The handles might be too wide, or too narrow for some people depending on the trap bar being used. You might occasionally not grab the trap bar in the middle of the handle. This is simple to sort out as you can readjust before the next rep
How to do a trap bar deadlift:
Stand in the centre of a trap bar with your feet roughly hip-width apart and toes slightly out. This is a good starting point. Try a slightly narrower and wider stance to see what works best for you.
1, Bending at the hip and letting the knees slightly bend, grab the middle of the handles of the trap bar.

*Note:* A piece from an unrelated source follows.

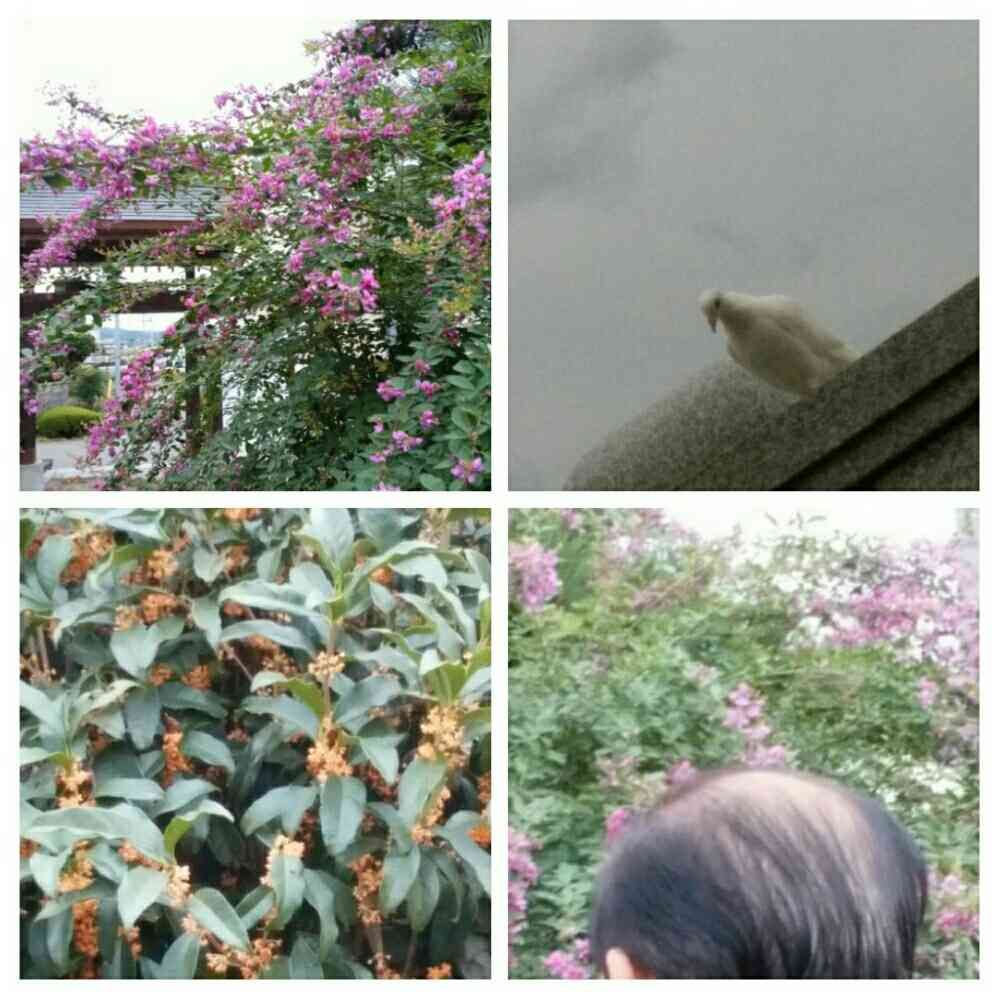 萩の花も金木犀も満開になってました💞右上は最近実家に居着いた白い鳩だって、迷子かな?そして長年温めてた企画萩の花と○○のコラボ(笑)父は気づかず😁

2:From this position you need to get tight. Getting tight will allow you to lift the most weight you can and reduce the chance of injury. Sit your hips back so you feel the tension in your hamstrings. Lift your chest up and flatten your back. Look straight ahead, or slightly down. While keeping your arms straight, rotate your elbows so they facing the wall behind you. This will help engage your lats. Pull-on the bar without lifting it to create as much tension as possible throughout the body. When you lift it you shouldn't be jerking the bar off the ground. If you do end up jerking it off the ground it suggests that you didn't get tight enough during the setup. Before lifting you want to take a deep breath from your diaphragm. When breathing into your diaphragm, your stomach should inflate out. If you’re chest and shoulders raise while you take your breath you’re not breathing into your diaphragm. You'll need to hold this breath until you've completed the rep. Contract your abs like you’re about to get punched in the stomach, and again hold it for the whole rep.
3:Lift the bar driving your feet into the ground, straightening your legs, and thrusting your hips forward. As you approach the top of the movement to squeeze your glutes and push the hips forward to lock out the rep.